A Super Helpful Shortcut to Add and Commit to Git at the Same Time
More often than not, I work with a very simple Git workflow. Especially for my personal projects where I'm the sole contributor. Where I do not have something that does not need to be tracked, except for of course whatever I have put in .gitigonre
.
It's usually goes something like this...
-
Make changes in local repo
-
Add all changes to Git tracker
git add -A
-
Commit changes
git commit -m "Some commit message"
What if I Could do Both at the Same Time #
That is a nice thought.
But unfortunately, Git does not have such a command.
However, there are ways you can add it to your workflow.

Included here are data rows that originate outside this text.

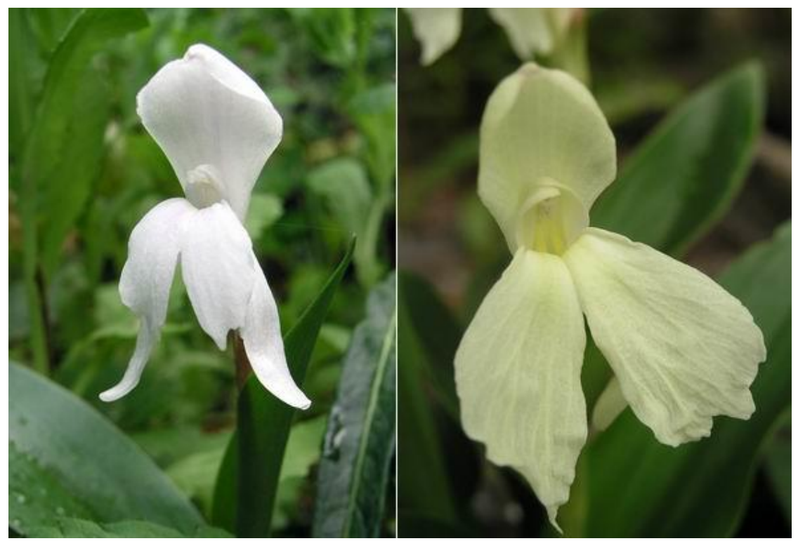
Roscoea humeana x2

Apart from shades of purple, Roscoea humeana comes in pink, white and yellow. I have still not worked out if this yellow form is true R. humeana, a hybrid with cautleyoides, or something else. If any of you can tell me I would be very pleased.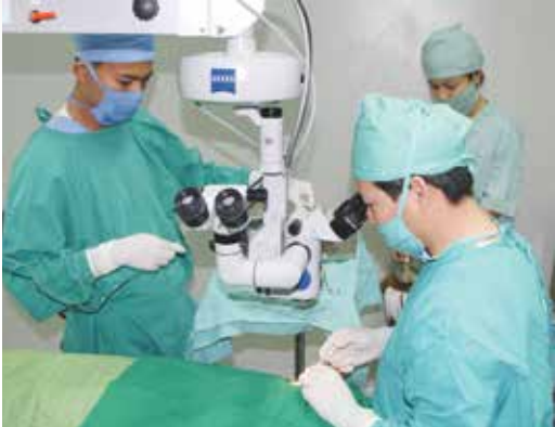
The performent cataract operation at Caritas Takeo Eye Hospital

Caritas's Comprehensive Eye Care program has been the single largest eye care program in the country since 1997. The program which is based in the government hospital in Takeo province, works to combat blindness, restoring sights through education, counseling, treatment and surgery.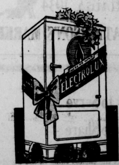
So Modern It Needs No Complicated Machinery

And the Gas Refrigerator runs for much less cost than any other method. Not a speck of noise or vibration. Beautifully finished and equipped with the latest improvements.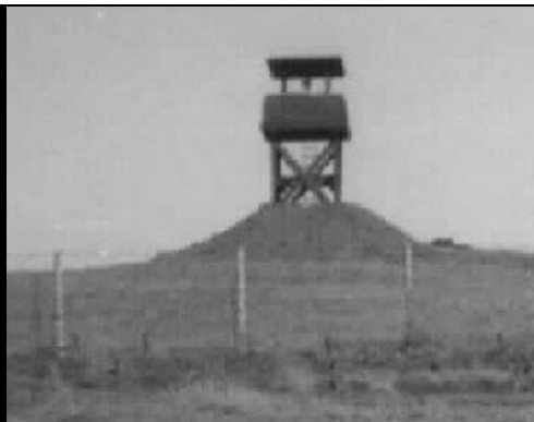
24) View of Tower from Perimeter.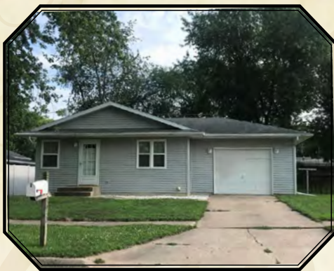
3032 Avenue E • Fort Madison 3BR • 1BA • 1 car garage Listing #20166815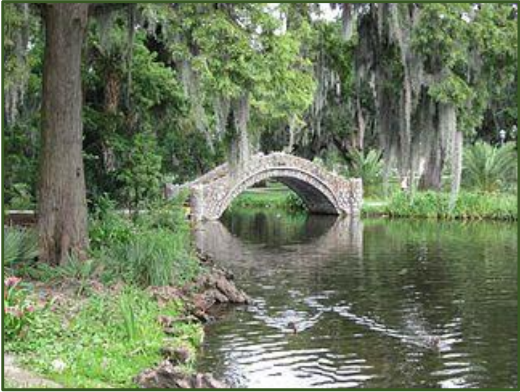
New Orleans, LA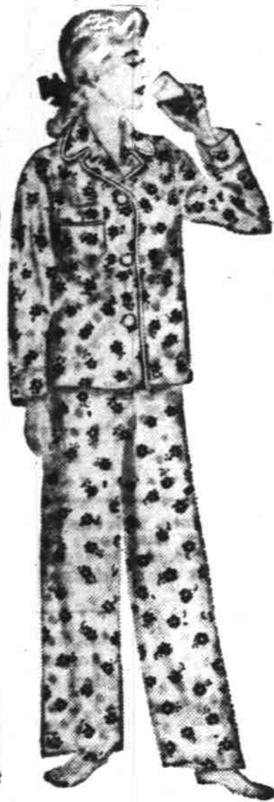
Flannelette Jamarettes 2.98

Comfy yoke front with eyelet trim. Vat dyed prints. Sizes 34 to 40.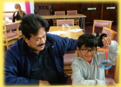
My fish suncatcher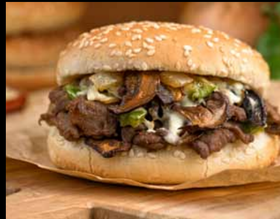
Mini Philly Steak Sandwiches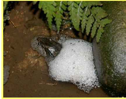
Striped Marsh Frog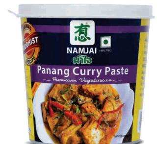
Veg Panang Curry Paste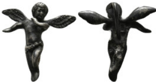
2304 ANCIENT ROMAN SILVER EROS STATUETTE.(1st-2nd century). 3.95 Gr. 27.1 mm. 5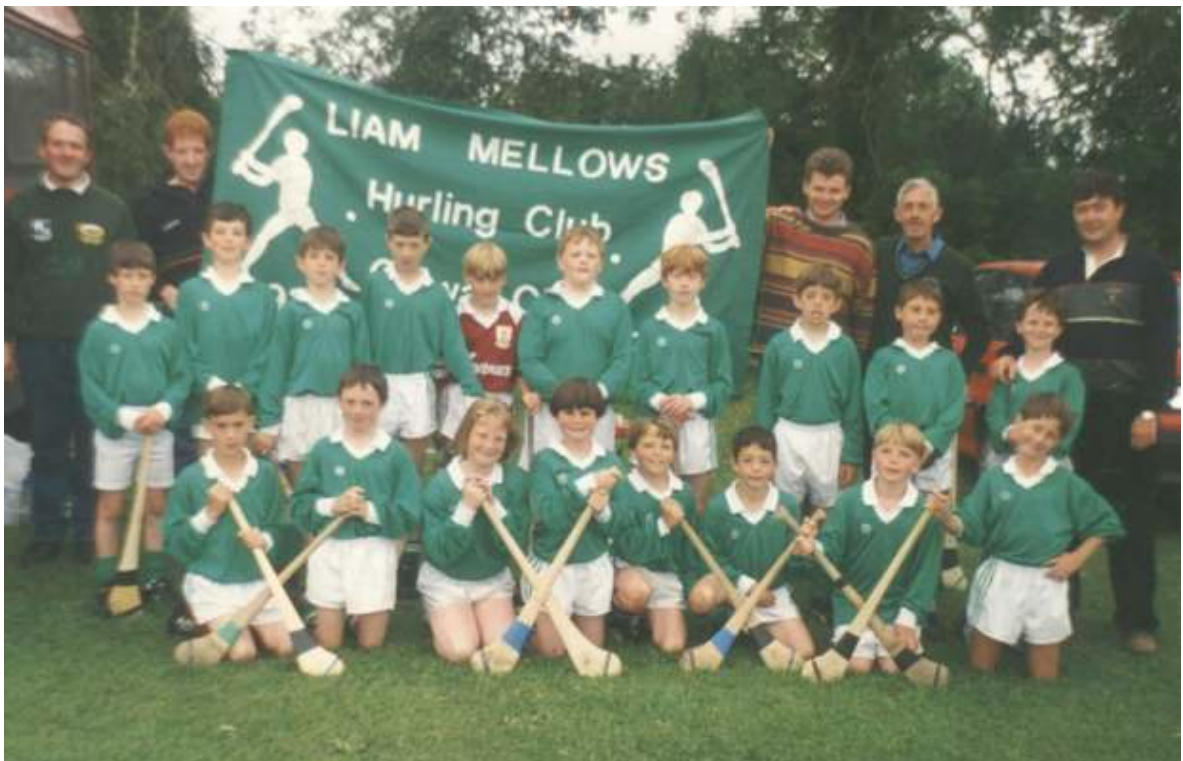
Under 10 Panel that took part in the 1996 Nesson Tournament

In 1996 , the club's U-10 team finished runners-up in the Nesson Tournament held in Limerick, which included teams from Offaly, Clare, Limerick and Waterford.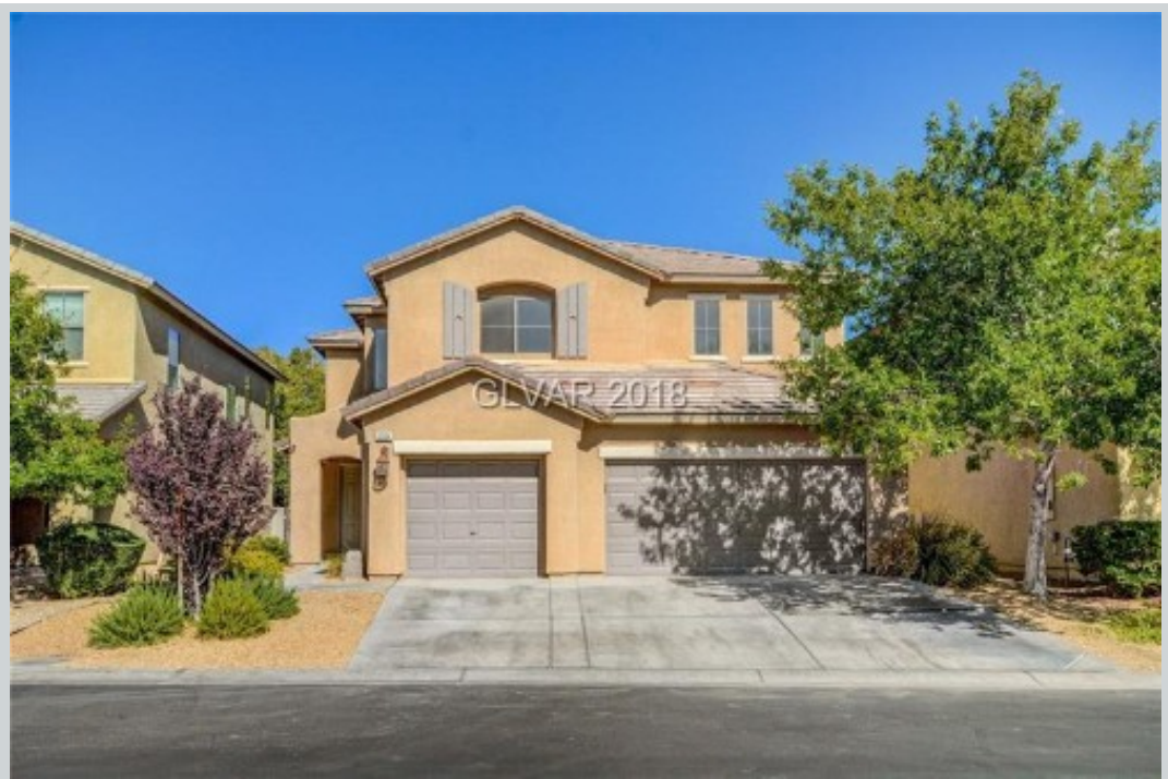
Sold Comp 2 6364 Maratea Av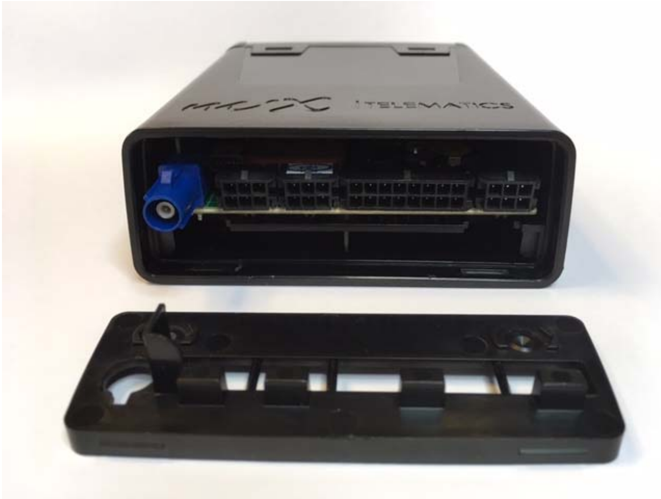
Figure 1- View of MiX41MC-3G With Front Panel Removed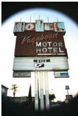
Vagabond Forever Archival Pigment Print 12 x 18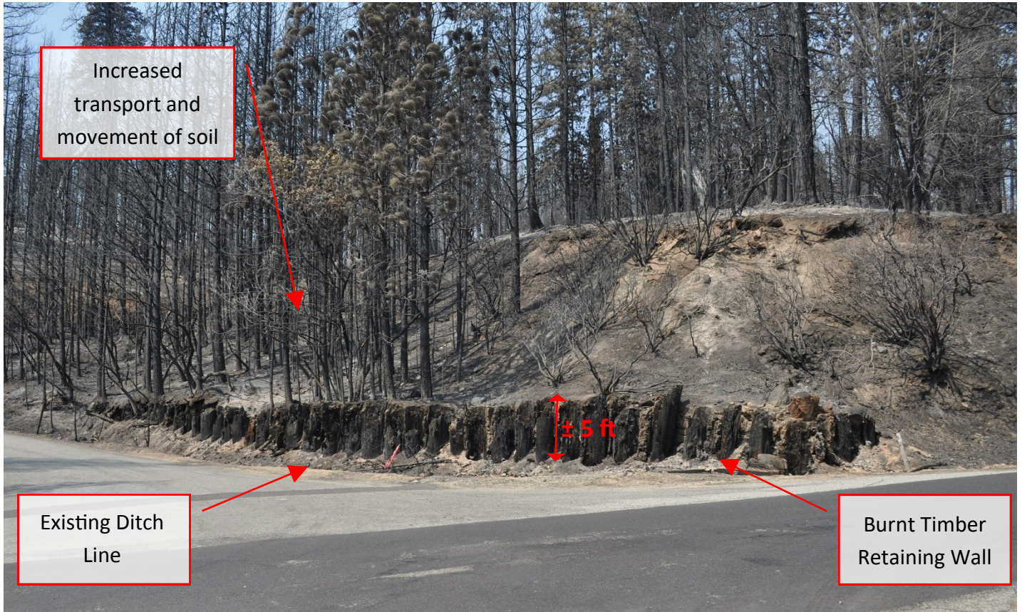
Engineering Project #1: 3N01S Timber Retaining Wall and Ditch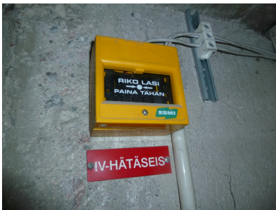
Air-conditioning emergency stop, parking garage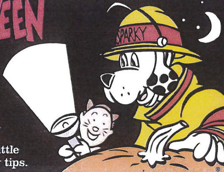
Sparky® is a trademark of the NFPA.

Halloween is a fun, and spooky, time of year for kids. Make trick-or-treating safe for your little monsters with a few easy safety tips.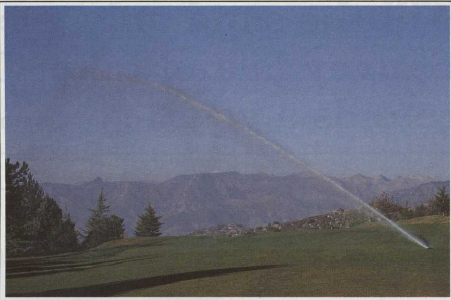
Reaching for the sky. A Toro 690 in action against a rugged backdrop looking towards Chateauneuf

"In real terms and with some eighteen months experience of the Network 8000 under his belt, Mike claims that he is now able to use limited water resources to maximum effect. I calculate that I am saving 25% of water at my disposal yet getting 50% more effective coverage because of the system."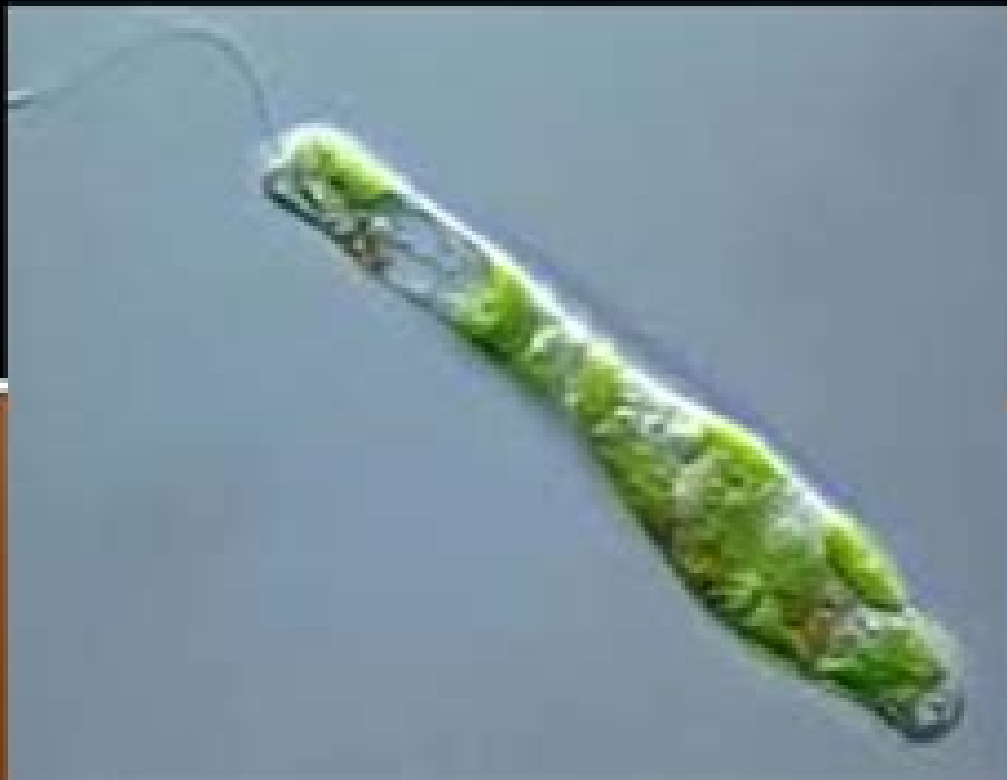
Structure of the Euglena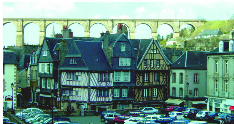
Half-timbered houses on the Market Place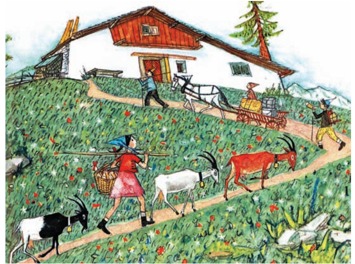
Summer's here at last and Florina, brother Ursli, their parents and their goats set off from their village to stay in their little hut high up in the mountain meadows

There's even an 8km "Ursli" trail that meanders through alpine meadows and along mountain streams. At 20 different points a page of the book is revealed, with the text in Romansch, German and English.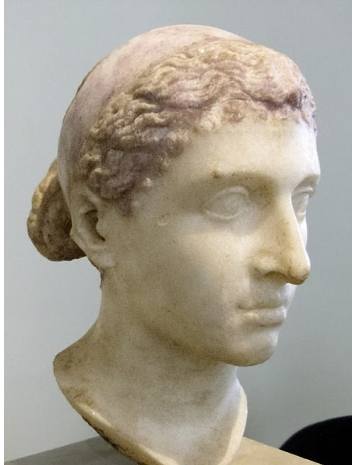
Roman sculpture of Cleopatra wearing a royal diadem. Altes Museum in Germany.

When my son was nine, he jokingly referred to himself as the Emperor of China. He often ordered my wife and me. We were making a joke out of it and called him the king. Still, my son insisted he was the Emperor of China. 'The Emperor of China demands cheese,' he then added. An article about the first emperor of China appeared in a television magazine shortly after I found out we live in a virtual reality.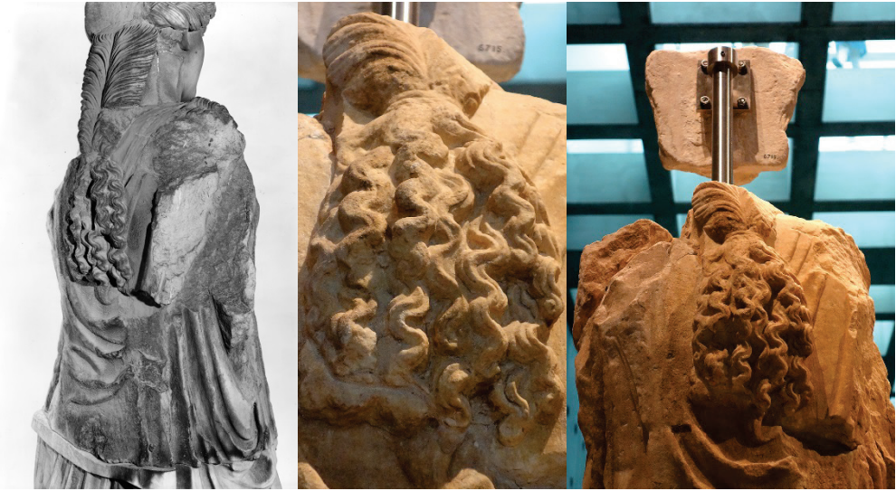
Image 20: Kore F. Black and white photo. © 1970. Courtesy of Deutsches Archäologisches Institut-Athens, inv. neg. no. 70/458, photo, Goesta Hellner. Colour photos © 2014. The Acropolis Museum. Photo by K.A. Schwab

pattern followed by a tighter braiding sequence directly above the band. Curly locks of hair below the band successfully convey the texture on the original sculpture.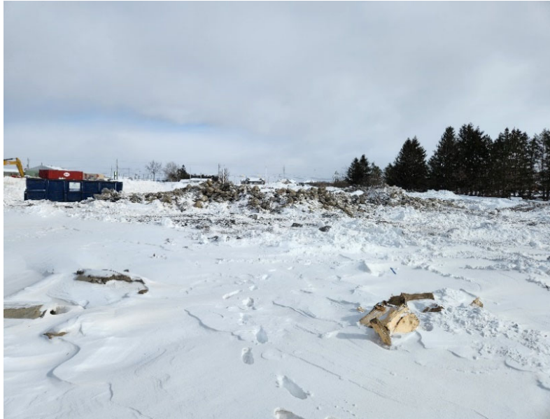
Photo 5 - Looking east, dumpster and aggregate piles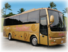
Deluxe Gold Motorcoach

In the comfort of a Royal Star® vehicle with seat belt, advanced audio / video system and Royal Star® driver guide.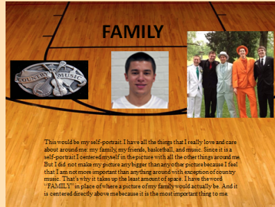
This would be my self-portrait. I have all the things that I really love and care about around me: my family, my friends, basketball, and music. Since it is a self-portrait I centered myself in the picture with all the other things around me. But I did not make my picture any bigger than any other picture because I feel that I am not more important than anything around with exception of country music. That's why it takes up the least amount of space. I have the word "FAMILY" in place of where a picture of my family would actually be. And it is centered directly above me because it is the most important thing to me.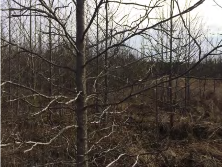
Photo 1 Upland data point wsoa026_u facing east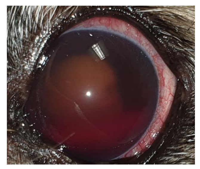
Figure 3. Uveitis, Border terrier, 7yo, MN- note the diffuse conjunctival hyperaemia, mid-dilated pupil, hyphaema, hypermature cataract

As the dog is presented with a red eye, other ocular diseases should be included on the differential list such as uveitis (Fig. 3), episcleritis, conjunctivitis, retrobulbar disease. It is not uncommon to misdiagnose glaucoma as conjunctivitis which leads to irreversible blindness due to the delay in the appropriate treatment. Distinguishing between various diseases that can cause ocular redness should be based on the result of the clinical examination (the presence of menace response, pupillary light and dazzle reflexes) and tonometry (when available).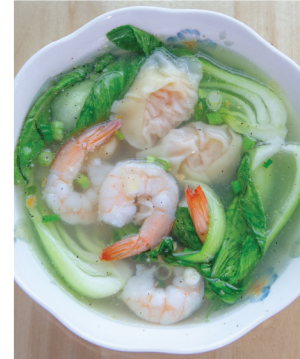
32. SHRIMP WONTON SOUP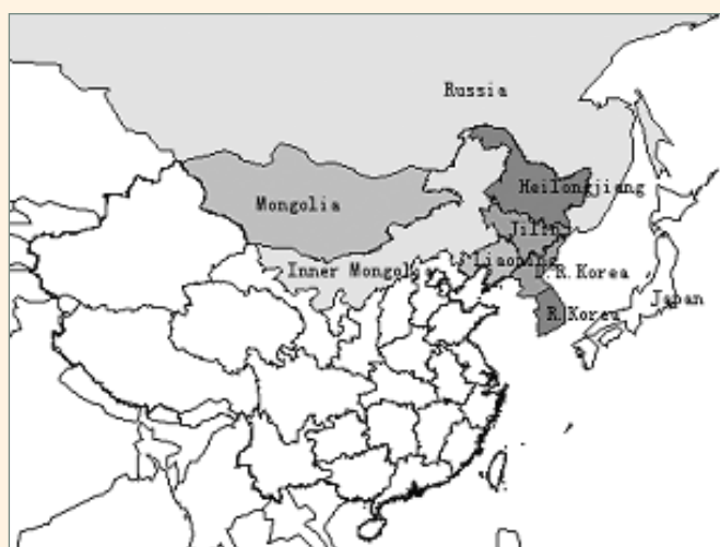
Figure 3.1 The Study Area in North East China

areas and significant from an inter-country migration perspective. These areas will be referred to as the 'study area' throughout the report. The geographic location of the area is marked in Figure 3.1 along with Mongolia, the Democratic People's Republic of Korea (DPRK) and the Republic of Korea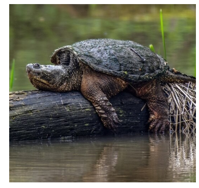
Common Snapping Turtle

By using the powerful Git aliases.
Simply add a new alias which combined both got commands into a new aliased command as follows
git config --global alias.add-commit '!git add -A && git commit -m'
Here, add-commit
is the new alias and you can now add all changes commit them at the same time as follows
git add-commit "Some commit message"
Caveat for Windows #
If you are on Windows, the alias adding command will fail with a very unhelpful "help" message. It won't tell you what went wrong, except for printing the whole help menu for git config
.
The solution?
As silly as it is, just use double quote instead of single ones to wrap the alias as follows
git config --global alias.add-commit "!git add -A && git commit -m"
That's all!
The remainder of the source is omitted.